- Screenplay by: Joshua Hale Fialkov Christian Ford Mark Wheaton Roger Soffer
- Story by: Thomas Schnauz
- Directed by: Adam Weissman
- Starring: Maxim Roy Gil Bellows Isabella Rossellini
- Theme music composer: Ned Bouhalassa
- Country of origin: Canada
- Original language: English

Production
- Producer: François Sylvestre
- Cinematography: Daniel Villeneuve
- Editor: Benjamin Duffield
- Running time: 90 minutes
- Production companies: Muse Entertainment Enterprises Sci Fi Channel

Original release
- Network: Sci Fi Channel
- Release: 27 April 2008

= Infected (2008 film) =

Infected is a 2008 Canadian made-for-television Action adventure science-fiction horror-thriller film, which was directed by Adam Weissman. The movie has been given extremely negative reviews by critics and criticized by local television viewers for its B-movie/Z-movie-style elements and low-grade cinematography, extremely cheap budget, lack of coherence, and fast-paced and improper storytelling.

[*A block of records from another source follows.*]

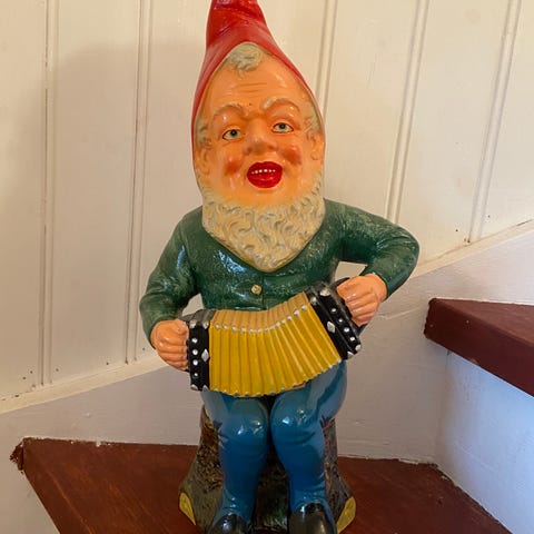 Antik tysk Jultomte på stubbe spelar dragspel Tomte 1940-ta
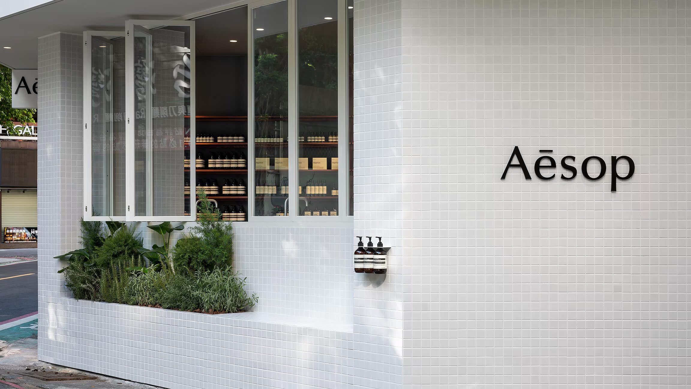 概念店外牆經過深思熟慮的設計,完美嵌入了座位區,可以提升永康街道漫遊者的步行體驗,提供一個舒適的會面點──在城市探索旅途中,小憩片刻再出發。在鋪滿瓷磚的空間之內,Aesop 打造了一座香氛植栽花園,精選了可以吸引鳥類和蝴蝶來訪的植物,成為周遭生態系統不可或缺的一環。
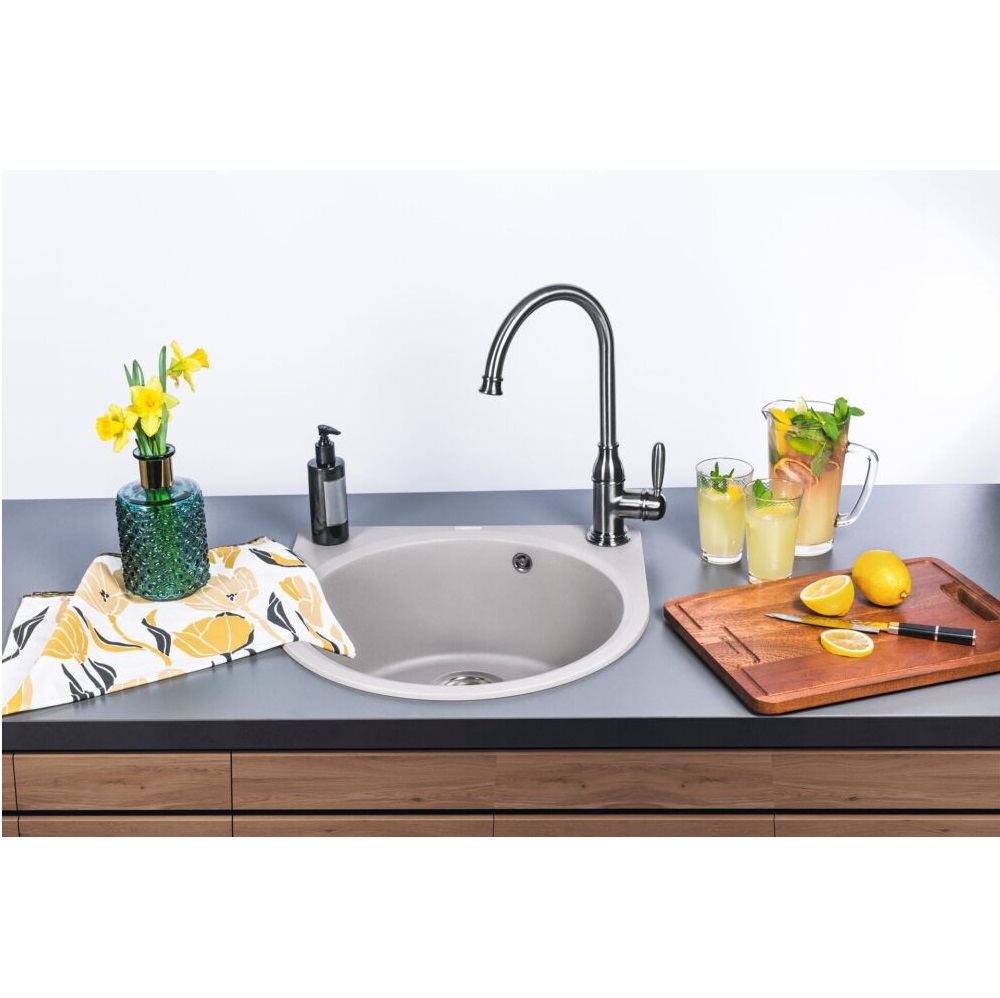 Мойка кухонная Omoikiri из коллекции Akegata 51-GR имеет размеры 510х510 мм., изготовлена из искусственного гранита. Форма — округлая, одна чаша без отверстия для смесителя. Сифон в комплекте. Ширина чаши 46. Врезной монтаж.

The film however, has developed a strong cult following among Google users who have seen the film. The film received an R-rating from the MPAA before its scheduled release in the United States in 2009.

==Cast==
- Gil Bellows as Ben
- Maxim Roy	as Lisa
- Glenda Braganza as Connie
- Mark Camacho as Craig Braddock
- Bruce Dinsmore as Peter Whitefield
- Carlo Mestroni as Captain Wimmer
- Neil Napier as Taylor Lambert
- Judd Nelson as Malcolm Burgess
- Donny Quinn as Obsequious Assistant (as Donny Falsetti)
- Isabella Rossellini as Carla Plume
- David Schaap as Lowe
- Jesse Todd as Knutt Jourgensen

==Production==
The project was filmed in Montreal, Quebec, Canada under the working title The Hatching. The title was later changed to Infected, however this caused problems. A novel by writer Scott Sigler, with the same name Infected, had to have its book title changed to Infested, in order to prevent confusion, and a false copyright infringement/plagiarism penalty.

==Release==
It aired on 27 April 2008 on the SciFi channel. Genius Productions and Rhi Entertainment released the film Direct-to-DVD and VOD on 19 May 2009 in the United States.
The film later received a limited online streaming release on Netflix, in 2011 and was given moderately positive reviews.

==Soundtrack==
Ned Bouhalassa composed the score and worked on the Soundtrack with drummer Christian Olsen.